Adopt Authorization Code Grant

[jgaehring]

See https://www.drupal.org/project/farm/issues/3185721#comment-13960019

@paul121, @mstenta and I just discussed this in a call and I think this is something we can postpone for now, b/c the security concern @paul121 raised in that d.o issue can be easily remedied without forcing Field Kit to switch over to Authorization Code Grant. That is, we can keep using the Password Credentials Grant, even while adding a redirect url for farm_client's Authorization Code. We could do so indefinitely, but I think it makes sense to adopt Authorization Codes and redirects from a UX perspective, whenever we get a chance.

[jgaehring]

Quick followup on one other potential issue @mstenta raised with redirects:

What url would we give as the redirect_uri for the Cordova builds?

I was trying to remember the bit we did to finally resolve #324:

https://github.com/farmOS/farmOS-client/blob/684f19efbd3a0399292f0c3cf1cbafd1edaa2570/config.xml#L27-L28

Basically, the config above makes our domain app://localhost/, at least for the iOS build, so presumably our redirect_uri would need to be something like that.

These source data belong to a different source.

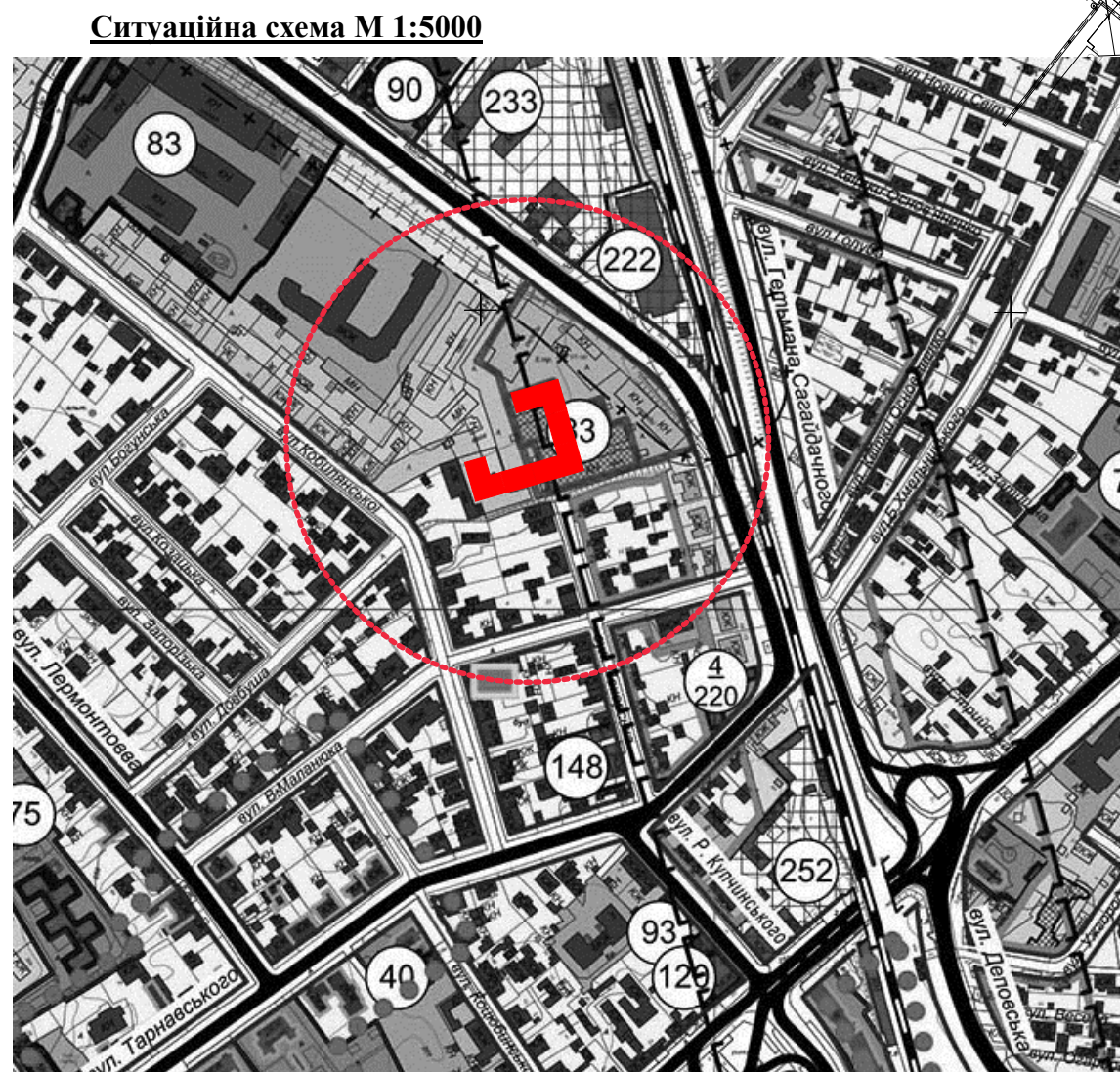
Ситуаційна схема М 1:5000

1. Загальна площа поверху - 1836,83 м.кв. 2. Корисна площа поверху - 1596,01 м.кв. 3. Кількість квартир на поверсі - 28 - однокімнатних - 8 - двокімнатних - 16 - трікімнатних - 4 4. Загальна площа будинку - 16 521,47 м.кв. 5. Корисна площа будинку - 14 364,09 м.кв. 6. Поверховість - 9 поверхів 7. Загальна кількість квартир : - однокімнатних - 64 - двокімнатних - 128 - трікімнатних - 32 - на будинок - 224 8. Орієнтовна кількість гаражів - 74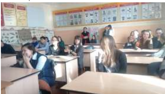
Станция «Бон аппетит»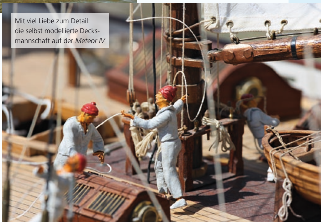
Mit viel Liebe zum Detail: die selbst modellierte Decks-mannschaft auf der Meteor IV

tion, sondern die Bauausführung in Bezug auf die vorgesehene Konstruktion des Herstellers gemäß Bauplan. Dies mag zwar hinsichtlich der Mühen zur Konstruktion eines komplett selbst gebauten Modells nach Unterlagen zum Vorbild seltsam anmuten, erleichtert jedoch dem Interessierten den Einstieg in die Klasse. Sehr positiv überrascht war ich von der Bauwertung meines Boots, die wieder einmal zeigte, dass die Schiedsrichter insgesamt sehr wohlwollend bewerten. Hatte ich Bedenken, mit meinem noch nicht fertig gestellten Boot Safari stark abgewertet zu werden, wurde ich eines Besseren belehrt. Mit 78 Punkten zwar eines der Schlusslichter in der Bauwertung, angesichts noch unlackierter Walkingstöcke als Masten sowie aus rohem Balsa bestehender Plicht konn-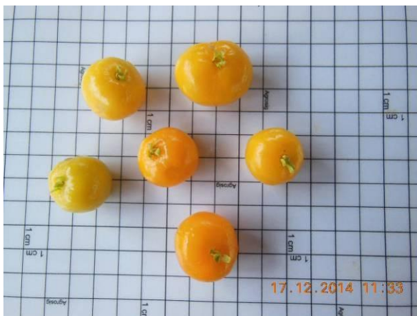
Foto 27 - Sementes de Pitomba, Talisia esculenta (Cambess.) Radlk. em processo de beneficiamento.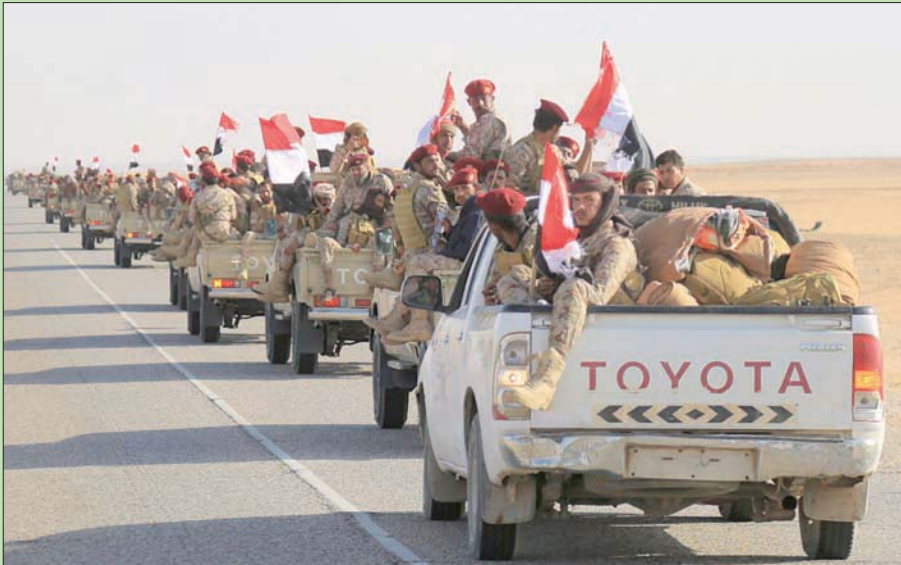
جانب من كتيبة إسناد للجيش اليمني وعملياته الدفاعية في مأرب

وأكد المتحدث الجيش اليمني أن القوات في جبهات بيحان وعسيلان بشبوة، نفذت هجوماً مضاداً على المواقع التي كانت تتمركز فيها الميليشيات الحوثية المتقدمة على الأرض وقضت على العشرات من عناصر الميليشيات في جبال بيحان وعسيلان، مؤكداً أن طيران التحالف ومدفعية الجيش تمكّنوا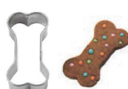
㉖18-8 クッキー抜型 ドッグボーン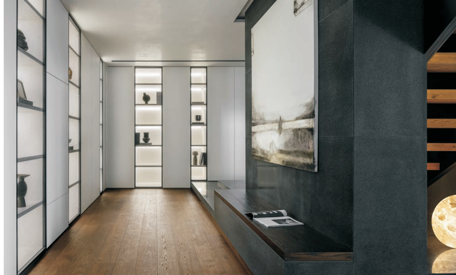
左图 通透的室内外布局将自然引入室内 右图 楼道区域周边的空间区域

豪宅之所以“豪”，非但在于“大”，丰富的细节亦理应值得考究。主卧在点线面的排布中有着熟稔自如的转换，在黑白灰的围合中饱含深情。床头采用方磊惯用的三角构成手法，既打破对称式单调，又构成了入室的视觉落点。所选取的灯饰本身也渗透着设计师的精巧心思，与卧室浑然相融，增添一抹柔情的点睛之笔。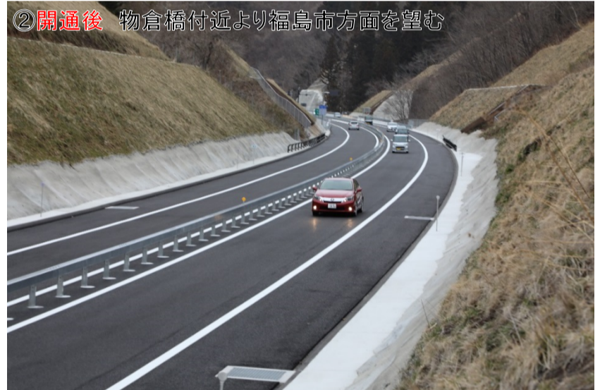
②開通後 物倉橋付近より福島市方面を望む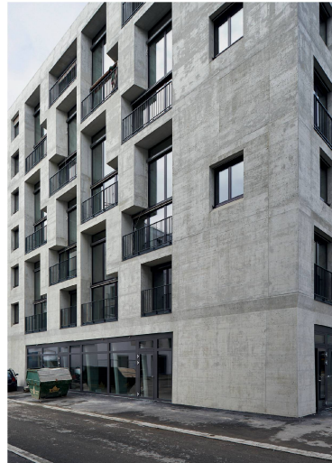
Westfassade des Hauses G (links). Querschnitt durch die Fassade 3. OG (rechts).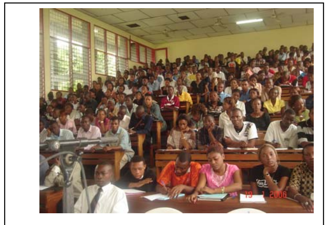
Vue des participants à l'UPC

48. Abordant le premier point relatif à la composition, l'orateur a expliqué le fonctionnement des quatre organes principaux de la CPI et leurs animateurs.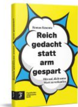
Reich gedacht statt arm gespart Ladenpreis: 20,60EUR

Wir haben andere Produkte gefunden, die Ihnen gefallen könnten!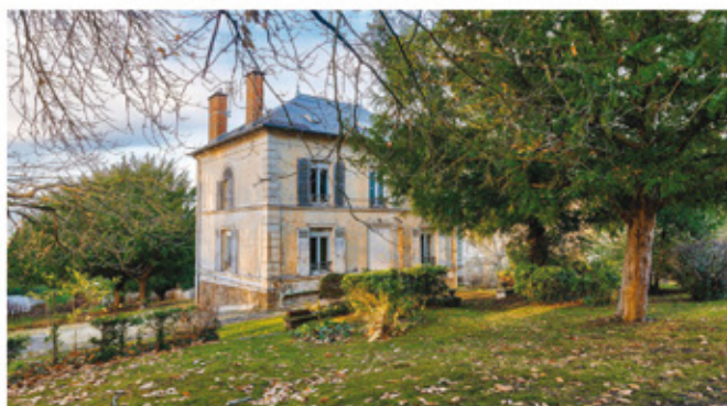
LE BOURG - Maison de 271 m 2 - 2 480 000 €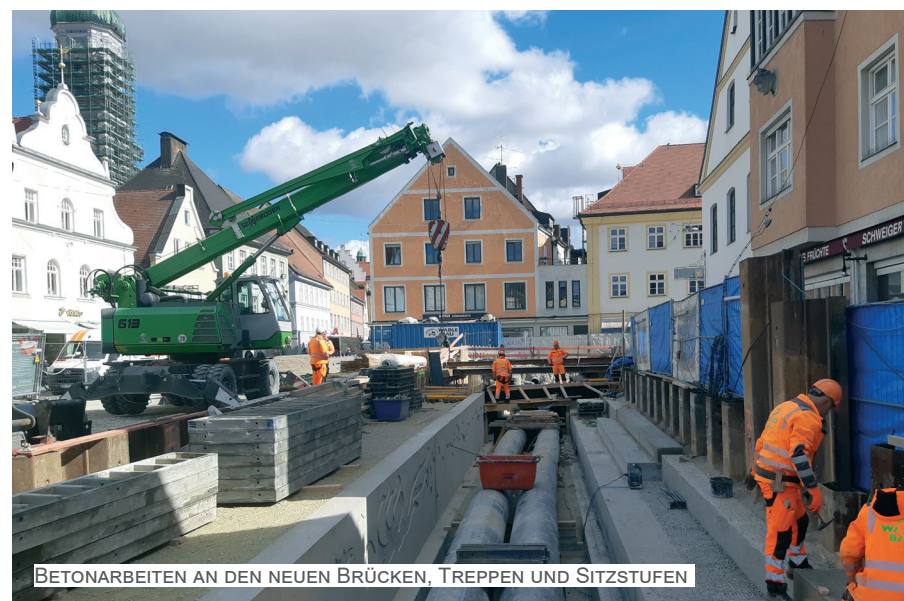
BETONARBEITEN AN DEN NEUEN BRÜCKEN, TREPPEN UND SITZSTUFEN

Hierzu wurden umlaufend Spundwände eingebracht. In den Bereichen, in denen sensible Gebäude angrenzen, wurden überschnittene Bohrpfehlwände erstellt, da diese Herstellungsweise deutlich schonender für angrenzende Bauwerke ist. Nach dem Ausheben und Aussteifen der Baugrube konnten die neuen Ufermauern, Brücken, Treppen und Sitzstufen betoniert werden. In den geöffneten Bereichen erhält die Stadtmoosach eine offene Bachsohle aus Kies, in die zur Förderung der Strukturvielfalt größere Störsteine eingebracht werden. In den gedeckelten Bereichen werden Holzbohlen verbaut, die einen Austausch mit dem Grundwasser ermöglichen.

But no telling for sure until we actually try it out. Which is all the more reason to punt.

[paul121]

Just did a quick search, a couple good resources for implementing this in native apps:

• https://tools.ietf.org/html/rfc8252#section-4.1 (It's actually explained quite well in the spec, even includes a diagram!)
• https://auth0.com/blog/oauth-2-best-practices-for-native-apps/
• https://www.oauth.com/oauth2-servers/oauth-native-apps/checklist-server-support-native-apps/

The authorization server must permit at least three redirect URI options for the response sent back to the native app:

Private-Use URI Scheme Redirection
Claimed "https" Scheme URI Redirection
Loopback Interface Redirection

Regarding the redirect_uri... app://localhost seems like it would be valid!

But yes, this seems like something we can punt on for now. It shouldn't be awfully hard to incorporate the authorization flow later on 👍

---

FWIW... perhaps most important here is that an embedded user-agent (like web-view) is NOT used. An external user-agent (like a browser) should be used instead: https://tools.ietf.org/html/rfc8252#section-8.12

Section 9 of OAuth 2.0 [RFC6749] documents two approaches for native
apps to interact with the authorization endpoint. This best current
practice requires that native apps MUST NOT use embedded user-agents
to perform authorization requests and allows that authorization
endpoints MAY take steps to detect and block authorization requests
in embedded user-agents. The security considerations for these
requirements are detailed herein.

Embedded user-agents are an alternative method for authorizing native
apps. These embedded user-agents are unsafe for use by third parties
to the authorization server by definition, as the app that hosts the
embedded user-agent can access the user's full authentication
credential, not just the OAuth authorization grant that was intended
for the app.

In farmOS 1.x I think it's possible to register multiple redirect_uri per client. But it doesn't seem like this is the case for 2.x. For this reason, we might need to create two clients: farm_client and farm_client_native, so that each has its own redirect_uri. An added benefit of two clients is that users' access history would be separated between two clients as well, and tokens could be revoked independently. Just some added granularity.